Step 1. Separate the whole reaction into half-reactions

*ignore H2O(l) and H+

NO3-(aq) → NO(g)

Cu(s) → Cu2+(aq)


Step 2. Balance the non-hydrogen and non-oxygen elements first

NO3-(aq) → NO(g)

Cu(s) → Cu2+(aq)


Step 3. Balance oxygen by adding H2O to the side that needs oxygen (1 O: 1 H2O)

NO3-(aq) → NO(g) + 2 H2O(l)

Cu(s) → Cu2+(aq)


Step 4. Balance hydrogen by adding H+ to the side that needs hydrogen (1 H: 1 H+)

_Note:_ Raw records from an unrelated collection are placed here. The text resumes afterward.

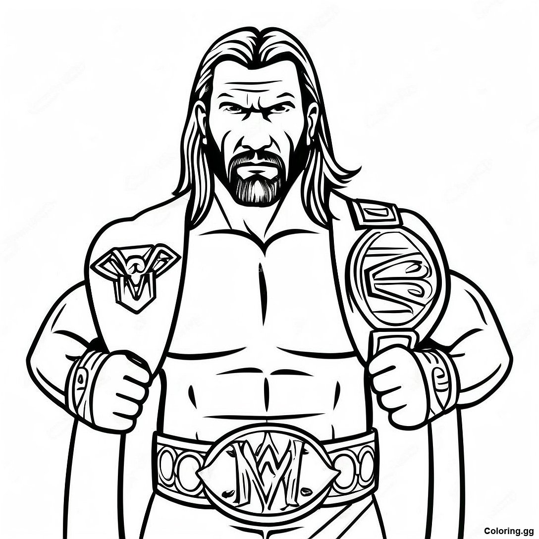 두 개의 벨트를 들고 있는 에픽 트리플 H 색칠 공부의 인쇄 가능한 PDF 다운로드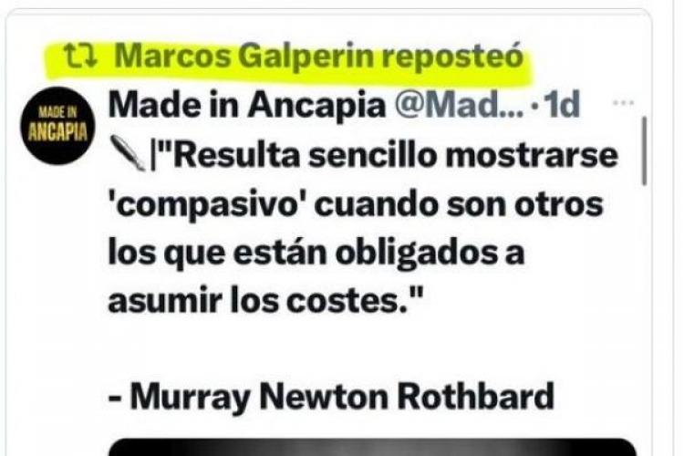 Aparentemente, de acuerdo a LPO, la medida no ha sido bien recibida por Marcos Galperín, quien, a través de un mensaje irónico en sus redes sociales, dejó claro su descontento. Citando al economista libertario Murray Rothbard, cercano a la ideología del gobierno de Milei, Galperín expresó: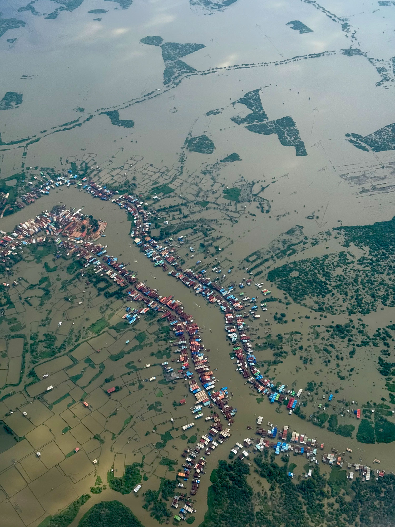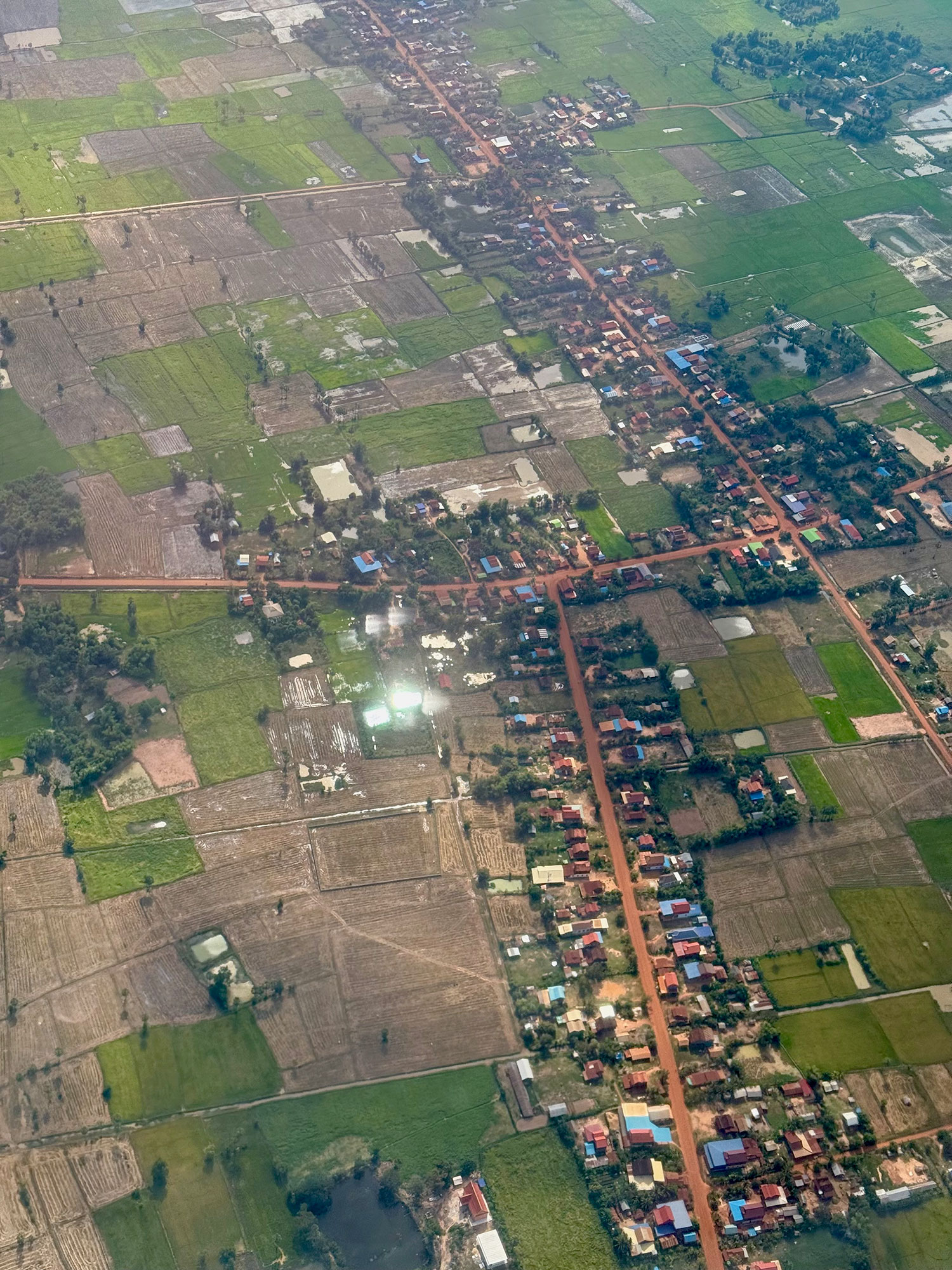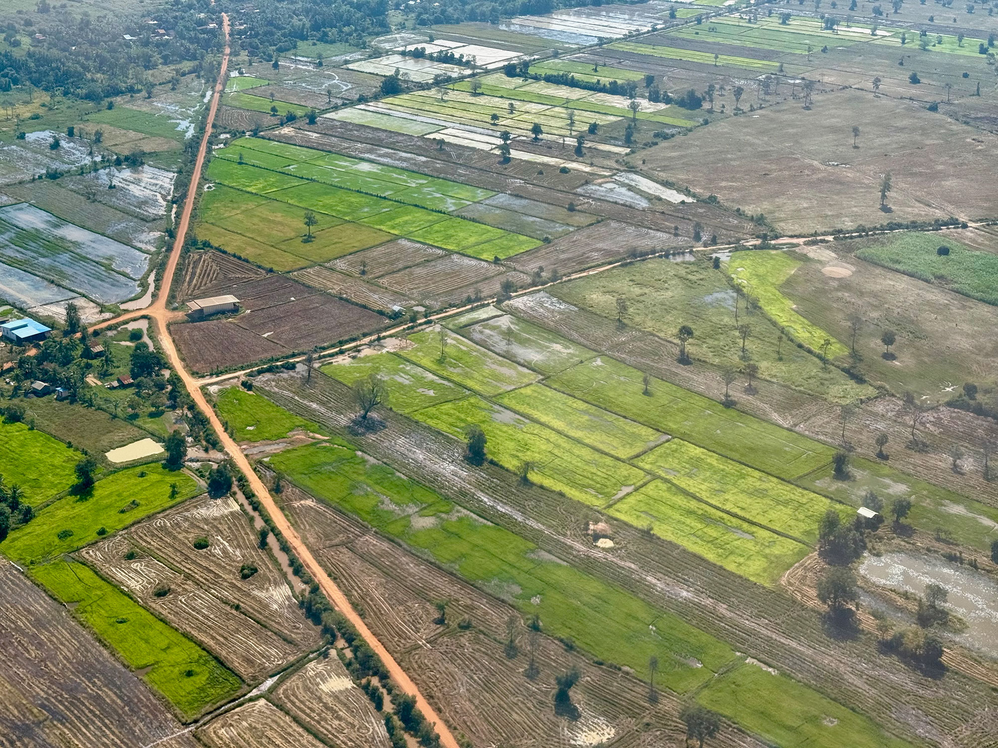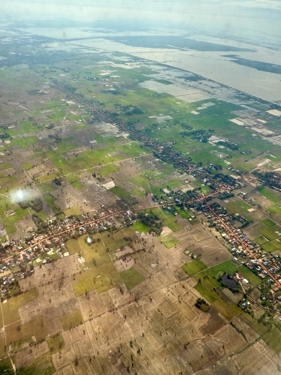 Der Blick aus dem Flugzeug fasziniert jedes Mal aufs Neue. Auch nach über 13 Jahren ist die Anreise über den prall gefüllten Tonle Sap See eindrücklich: Die gut erkennbaren schwimmenden Dörfer, die schmalen Häuserzeilen entlang der Strasse, wo Familien Verpflegung, Waren oder Benzin für Reisende anbieten, und die weiten Reisfelder, von denen viele zu dieser Jahreszeit bereits abgeerntet sind.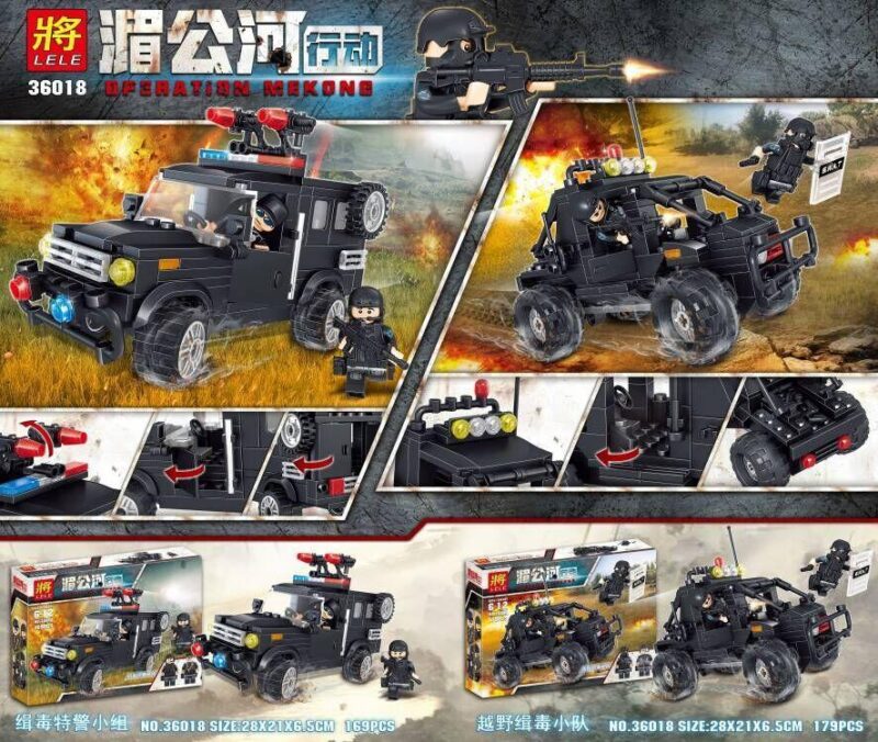 Lắp Ráp 2 Kiểu Xe Jeep Đặc Nhiệm Chống Ma Túy Chiến Dịch Mekong Hành Động Chống Ma Túy Cùng LELE 36018-1 (348 mảnh)!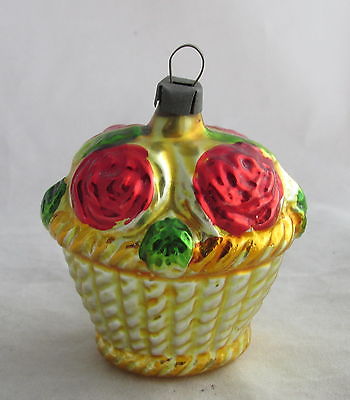Antique Glass Christmas Tree Ornament Figural Gold Basket w/Red Roses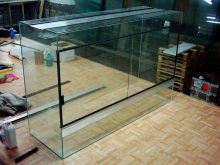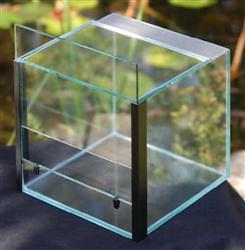 rechts Spezial-Zuluftprofil für Chamäleon-Terrarien, Höhe ca. 8 cm, senkrecht verklebt, volle Bodenfläche des Terrariums nutzbar.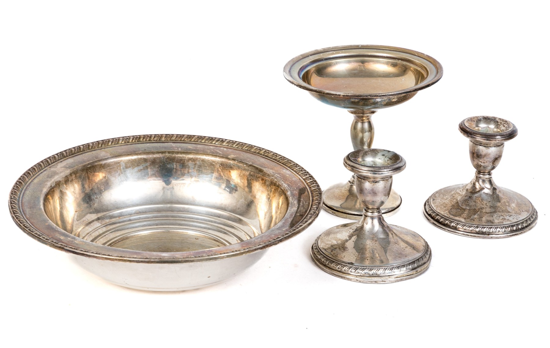 - Newport Sterling Cement Filled footed compote bowl, 5 x 5 1/2" DIA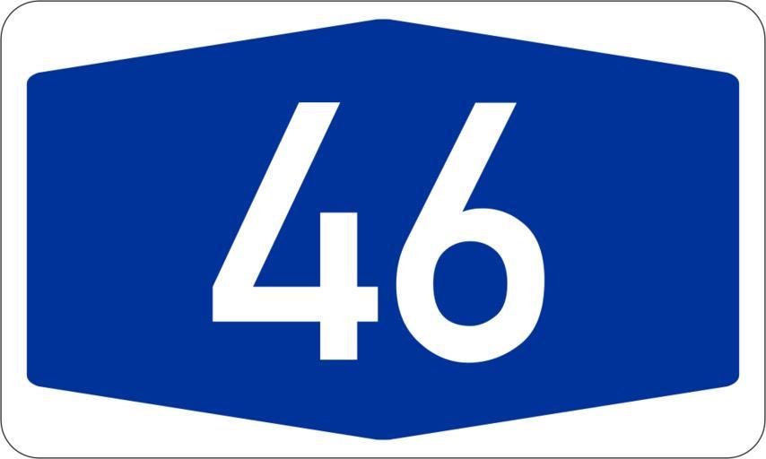 Keywords: Bundesautobahn 46 number.svg Bundesdeutsche Autobahnnummer Automatisch erzeugt durch 3247 German Autobahn number signet Created automatically by 3247 Bundesautobahn numbers 046 46 number

NO3-(aq) + 4 H+(aq) → NO(g) + 2 H2O(l)

Cu(s) → Cu2+(aq)


Step 5. Balance the charges: add electrons to the more positive side (or less negative side)

NO3-(aq) + 4 H+(aq) + 3 e → NO(g) + 2 H2O(l)

Cu(s) → Cu2+(aq) + 2 e


Step 6. Balance electrons on the two half-reactions

[ NO3-(aq) + 4 H+(aq) + 3 e → NO(g) + 2 H2O(l) ] x 2

Cu(s) → Cu2+(aq) + 2 e ] x 3


2 NO3-(aq) + 8 H+(aq) + 6 e → 2 NO(g) + 4 H2O(l)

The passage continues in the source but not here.